2.  Pass your examination

You will be able to pick between AHIMA and AAPC certification examinations. Whichever organization’s test you take will also provide you with professional membership. The precise test you take will be determined by the credential you seek.

·         If you enroll in a reputable program and have the necessary work experience, you will probably rock your exam. Both AHIMA and AAPC provide internet-based study facilities.

3.  Become an AHIMA Certified Coder

You can choose from one of three Certified Coding levels if you decide to seek certification and take the AHIMA exam. You must first sign up for AHIMA in order to be qualified for any of them.

·         You need to pass an exam and have a high school graduation to become a Certified Coding Assistant (CCA). Following the completion of an accredited certification program, 6 months of work experience is normally required in order to pass the test.

·         A more popular alternative is to earn a Certified Coding Specialist (CCS) designation. You normally require three years of work experience, in addition to further training in pharmacology, anatomy, physiology, and pathophysiology, to pass the exam.

·         If you wish to work in a clinic that offers a variety of services, a group practice, a specialized area, or a physician’s office, you should take the Certified Coding Specialist – Physician-based (CCS-P) exam.

4.  Obtain AAPC certification.

The main professional association for those who work in medical billing and coding is the American Academy of Professional Coders. Being an AAPC member, paying the exam cost, and passing the necessary test are requirements for certification. You will get an Apprentice Certification and the prefix “-A” after your name if you pass the exam. You will drop the ‘-A’ and become a full professional after two years of work experience in the pertinent industry.

·         A CPC is the industry standard. After two years of employment, two letters of recommendation confirming your fluency with CPT, ICD, and HCPCS codes, or confirmation of 80 hours of coding study, this will be your title.

·         CPC-H is an abbreviation for Certified Professional Coder-Hospital. This is an excellent option if you want to work in a clinic, hospital, or outpatient setting.

·         You can sit for the exam to become a Certified Professional Coder-Payer (CPC-P) if you have more understanding of insurance payment systems, including Private, Medicare, Medicaid, and self-pay by patients.

5.  Consider specializing with the AAPC

The AAPC offers more than 20 different specialization options, from pediatrics to dermatology. This enables you to have a foundational understanding of billing and coding before specializing in a field of interest. Every specialization has a unique test. The AAPC website lists all of the choices.

·         One of the highest-paying specializations is Certified Interventional Radiology Cardiovascular Coder (CIRCC) work.
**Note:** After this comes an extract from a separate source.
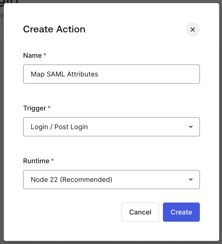 - In the "Name" field, enter "Map SAML Attributes" or whatever you would like the action to be called.
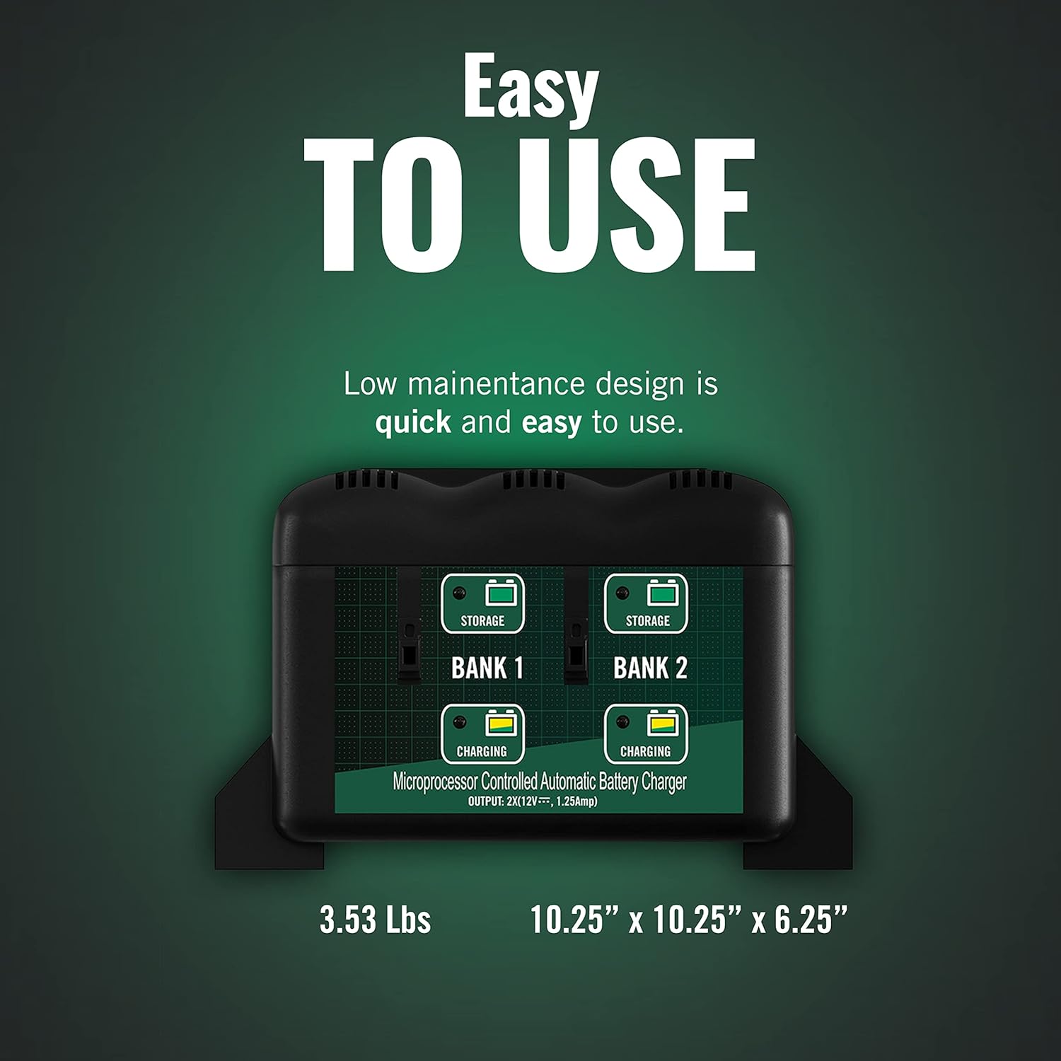 Battery Tender 2 Bank Multibank Charger – 2.5 AMP (1.25 AMPs Per Bank) – Smart 12V Multi Battery Charger and Maintainer – 021-0165-DL-WH

Method 3: Maintaining Your Certification

Method 3: Maintaining Your Certification

1.  Complete AAPC-approved education every two years

If you obtained your certification from the AAPC, your job is not finished once you pass your test. Every two years, you must finish 36 hours of continuing education (CE) in order to maintain your certification.
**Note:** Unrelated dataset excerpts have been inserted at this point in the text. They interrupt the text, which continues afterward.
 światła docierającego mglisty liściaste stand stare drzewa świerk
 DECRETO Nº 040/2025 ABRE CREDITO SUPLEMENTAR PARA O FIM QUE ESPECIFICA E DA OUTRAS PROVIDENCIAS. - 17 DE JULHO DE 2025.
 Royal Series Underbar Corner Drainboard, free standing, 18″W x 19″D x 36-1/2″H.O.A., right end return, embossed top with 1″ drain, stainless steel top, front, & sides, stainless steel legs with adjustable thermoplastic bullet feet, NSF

·         There are several options for continuing education, including workshops, seminars, and online courses. This guarantees that your knowledge is current.

2.  Complete 20 hours of AHIMA-required CE twice a year

 For people who have obtained certification through AHIMA tests, further continuing education requirements include attending training sessions, seminars, conventions, and other events. Every two years, you must complete 20 hours of CE requirements.
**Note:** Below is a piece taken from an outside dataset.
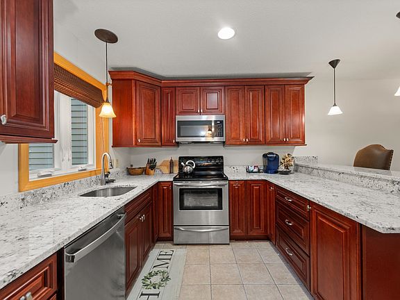 Experience mountain living at its finest in this beautifully updated 3-level condo in Thornton, NH. Step inside to a remodeled kitchen featuring solid cherry cabinets, granite countertops, stainless steel appliances, and ceramic tile flooring — a perfect blend of style and functionality. The spacious living room offers a wood-burning fireplace for cozy evenings and slider doors that open to a private patio where you can take in breathtaking mountain and sunset views. Upstairs, the primary bedroom suite includes its own balcony with matching mountain views and an ensuite bath. A second bedroom and full bath complete the second level. A versatile loft space on the third level serves perfectly as a third bedroom, home office, or recreation area. This well-maintained association recently added brand-new pickleball courts and has an in-ground pool and hot tub surrounded by 300 wooded acres for exploring. With fresh exterior paint, new paving, and impeccable grounds, Mountain River East continues to stand out as one of Thornton’s most sought-after communities. Enjoy the comfort of modern updates, stunning views, and resort-style amenities — all within minutes of Owl's Nest Resort, Waterville Valley, Loon Mountain Ski Resort, and countless hiking trails. There are activities for all four seasons and all within an easy drive from neighboring states.

3.  Be aware of your other needs

Some coding certificates require you to complete self-assessment projects and continuing education hours to maintain your certification. Make sure you are aware of the requirements for maintaining the validity of your specialty, CCS, CCA, and CCS-P certificates since they may differ significantly from those for general certifications.


If you live outside the US and are interested in a medical billing and coding position, seek advice from others in your local community who have previously undergone the process.